> Aim of the exercise
Only the pictures are to be dropped; return all other data below exactly.

> Data excerpt
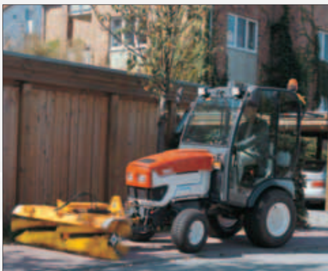
Front mounted sweeper up to 1.50 m working width for use in winter and summer. Dirt sweeping machine also with collection hopper and side brush.
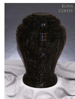
Kona Coffee Add $199
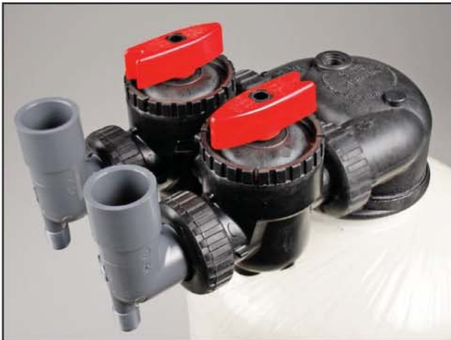
1191 In-Out Head shown with optional V3006 Bypass Assembly and V3007-01 3/4" x 1" PVC Solvent Elbow Assembly
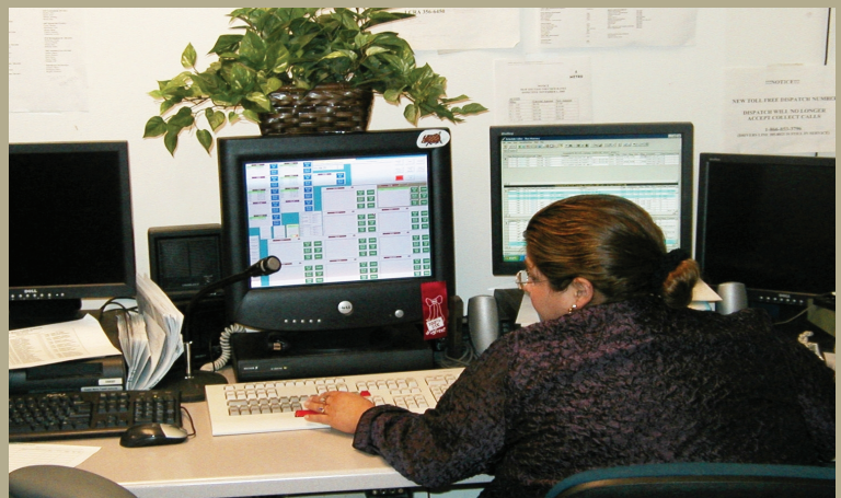
Capitol Metro (Austin, TX) dispatcher managing an ADA demand response system

> Solution for this task
Front mounted sweeper up to 1.50 m working width for use in winter and summer. Dirt sweeping machine also with collection hopper and side brush.
Kona Coffee Add $199
1191 In-Out Head shown with optional V3006 Bypass Assembly and V3007-01 3/4" x 1" PVC Solvent Elbow Assembly
Capitol Metro (Austin, TX) dispatcher managing an ADA demand response system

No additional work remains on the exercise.